Not a brothel: a commercial farm. And, presumably, one that drew on a lot of labor, including a lot of women’s labor.
Hambledon apparently is not (just) a villa, but more of a village; the buildings that yielded the data being interpreted as a brothel
are part of an extensive complex of buildings and fields arranged alongside a paved road. It seems likely that this was more than a villa complex: traces of at least 21 buildings have been recorded, all with stone foundations.
Malcolm Todd, in his Companion, actually comments on the Hambledon site, writing that it is “now interpreted as the discovery of an official infant cemetery in a rural community, where burial in family groups was not the tradition”.
There are ways that an interpretation as a brothel might be supported.

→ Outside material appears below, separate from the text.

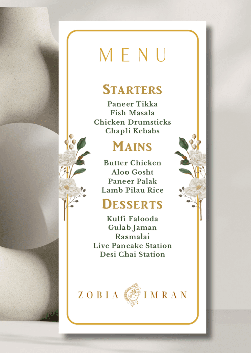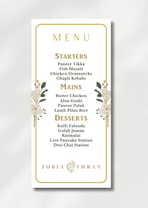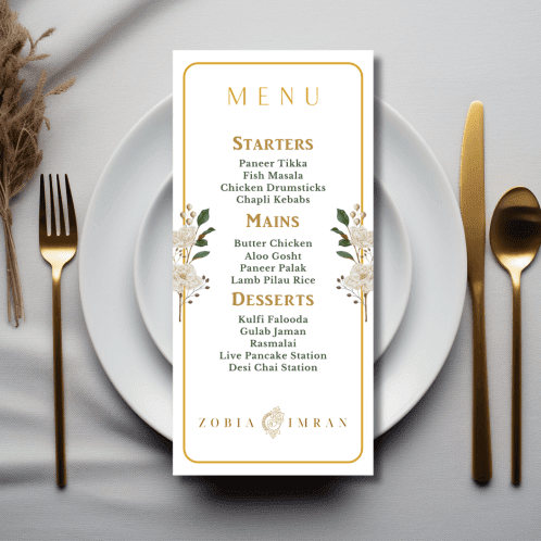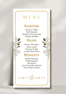 The card delicately displays your names along with the delicious details of your starter, main course and dessert options.

But the fact that there were a large number of newborns who might have been deliberately killed would only be support for this interpretation if we knew, or thought we knew, that sex workers in Roman Britain were especially apt to experience unwanted pregnancy, and to have no option but infanticide.
This is a presentist assumption here, and it tells us more about contemporary stereotypes than about the reality of sex work in Rome or in Roman Britain.
There have been discoveries of newborns informally disposed of near historically known brothels from the nineteenth century in the US. The 2005 article “Babies in the Privy: Prostitution, Infanticide, and Abortion in New York City’s Five Points District” by Thomas A. Crist, in the special issue of Historical Archaeology “Sin City” (vol. 39, no. 1) is a classic instance.
But here’s the difference: Crist is exceptionally careful to think about the circumstances that would have made this happen. (And the number of cases is quite small, by the way– probably two events, one a miscarriage).
Crist writes, “the discovery of the skeletal remains provides an opportunity to trace changes in American social and legal attitudes regarding infanticide, abortion, and prostitution and explore the difficult choices faced by workingwomen in New York City from the colonial period to the middle of the 19th century.”
Difficult choices. And choices, specifically, taking place during a period when contraceptive options were being redefined and limited in the United States.
While it is pretty clear from historical texts that early infanticide was not condemned in Roman society, to connect this practice to prostitution without considering the wider context is not just presentist history: it is bad history.
This blog entry follows up on and reprints parts of my original post at Ancient Bodies, Ancient Lives, including issues raised in the comments responding to it.